In a stove with an efficiency of 40%, 3 g of kerosene burns out every minute.

In a stove with an efficiency of 40%, 3 g of kerosene burns out every minute. How long does it take to heat 1.5 liters of water on it from 10 to 100 degrees?

To calculate the duration of water heating on the used stove, we apply the formula: t = Sv * m * (tк – t0) / (N * η) = Sv * mw * (tk – t0) / (Qk / t1 * η) = Sv * mw * (tk – t0) / (qk * mk / t1 * η).

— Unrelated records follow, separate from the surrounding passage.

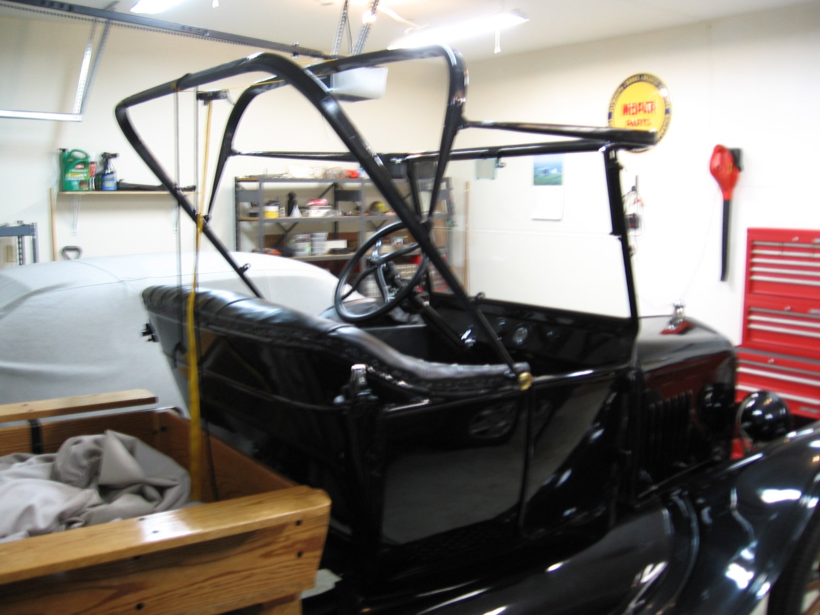 Here are some more pictures from the roadster upholstery and top installation on my 1924 cut-off touring (now a pickup). The car came to me with a Cartouche upholstery kit for a roadster, it fit the front seat of the touring just fine. If it had been up to me, I would have bought a Classtique upholstery kit for the front seat of a touring, it probably would have fit event better. One tip - buy some extra cotton batting to supplement what comes with the kit, it will allow you to add more fullness to the upholstery pleats.
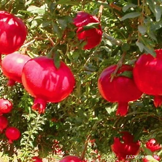 Гранат обыкновенный - листопадное дерево/кустарник 5-10,0 м. Имеет мощную корневую систему, ствол коричнево-бурый, ветви супротивные, колючие, желто-коричневые. Лист широколанцетный, округлый. Цветки кроваво-красные, крупные, в пучках, цветоножка короткая. Плод шаровидный, ягодообразный, диаметр 15 см, кожура кожистая, красная, красно-желтая. Внутри плода множество семян крупной величины, наружный слой семени сочный, с кисловатым пурпурным соком.
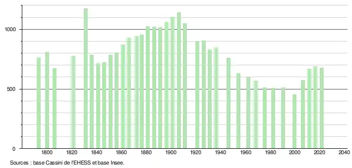 L'évolution du nombre d'habitants est connue à travers les recensements de la population effectués dans la commune depuis 1793. Pour les communes de moins de 10 000 habitants, une enquête de recensement portant sur toute la population est réalisée tous les cinq ans, les populations légales des années intermédiaires étant quant à elles estimées par interpolation ou extrapolation[27]. Pour la commune, le premier recensement exhaustif entrant dans le cadre du nouveau dispositif a été réalisé en 2006[28].
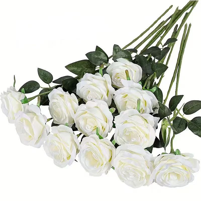 20 Branches Artificial Silk Roses, Realistic Long Stem White Rose Bouquet, Durable Faux Flowers for DIY Home Wedding Party Decor, Elegant Table Centerpieces, Multiple Colors
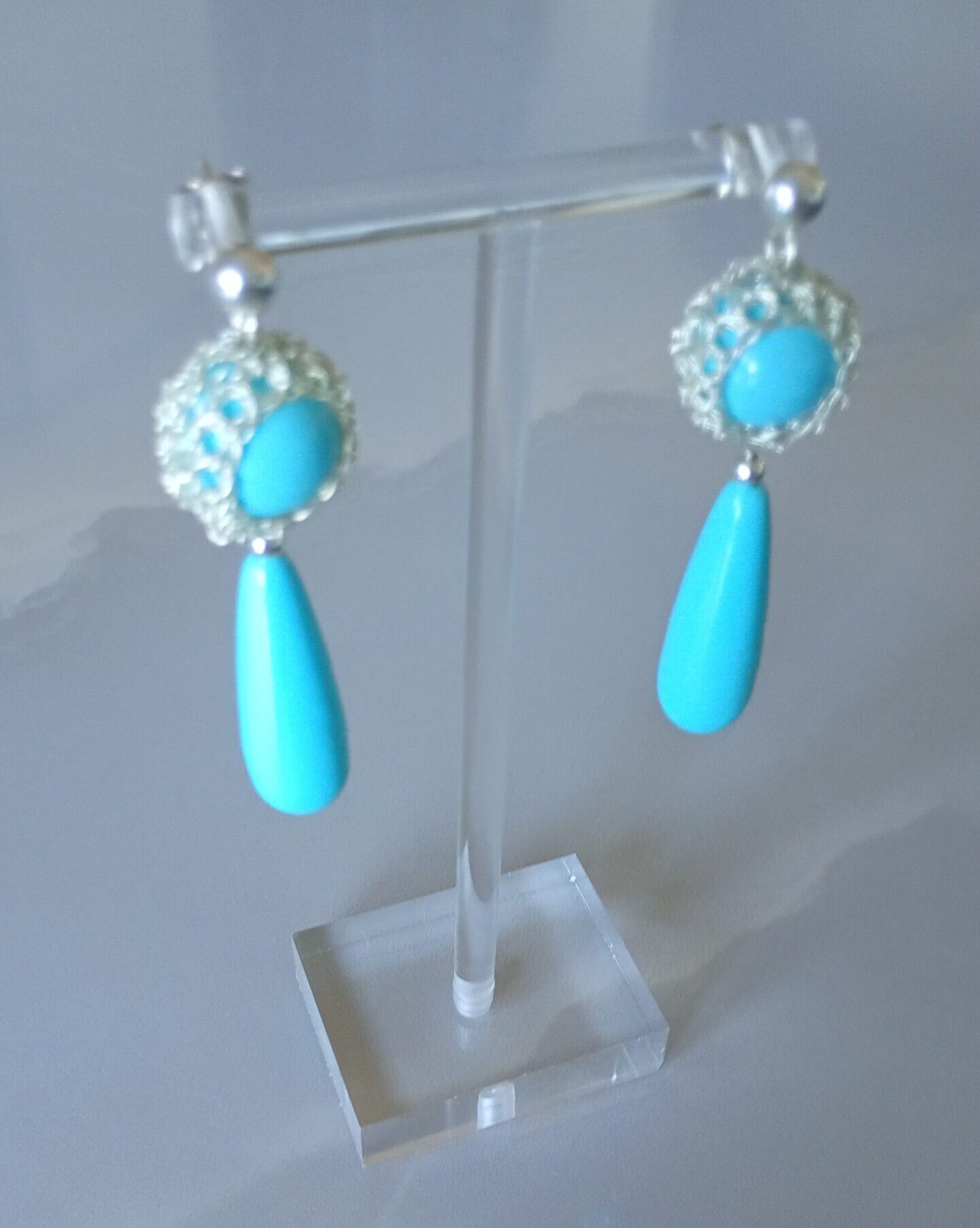 Orecchini pendenti in argento 925 oscillano linearmente con charm e montatura che racchiude una perla di maiorca di color turchese il suo significato simbolico è legato alla bellezza e all’amore, realizzati da sapienti mani artigianali . Il gioiello va indossato con disinvoltura aggiungendo eleganza alla tua personalità. 12mm spessore, altezza 55mm, larghezza 15mm – abbinabile con anello A0008 e collana C0014.
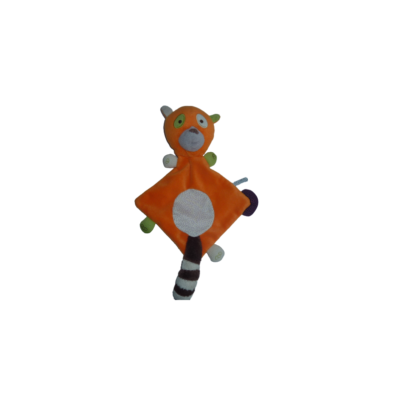 Doudou plat raton laveur 36 cm environ, orange. Etat : Très bon état (étiquette de la marque coupée). DOUDOU DIFFICILE A TROUVERRecipient :
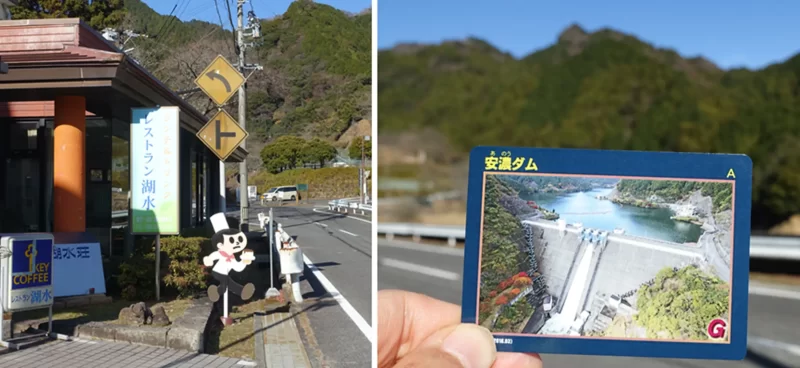 途中の錫杖湖水荘では、安濃ダムのダムカードがもらえ、コレクターのGさんは満足げ。

Data: St. – beats. heat capacity of water (Sv = 4200 J / (kg * K)); mw is the mass of heated water (for 1.5 liters of water mw = 1.5 kg); tк – final heating temperature (tк = 100 ºС); t0 – initial temperature (t0 = 10 ºC); qk – beats. heat of combustion of kerosene (qk = 46 * 10 ^ 6 J / kg); mk is the mass of kerosene (mk = 3 g = 0.003 kg); t1 is the duration of kerosene combustion (t1 = 1 min = 60 s); η – efficiency of the used primus (η = 40% = 0.4).

Calculation: t = Sv * mw * (tk – t0) / (qk * mk / t1 * η) = 4200 * 1.5 * (100 – 10) / (46 * 10 ^ 6 * 0.003 / 60 * 0.4 ) = 616.3 s ≈ 10.27 min.

Answer: The water on the used stove will heat up in 616.3 s.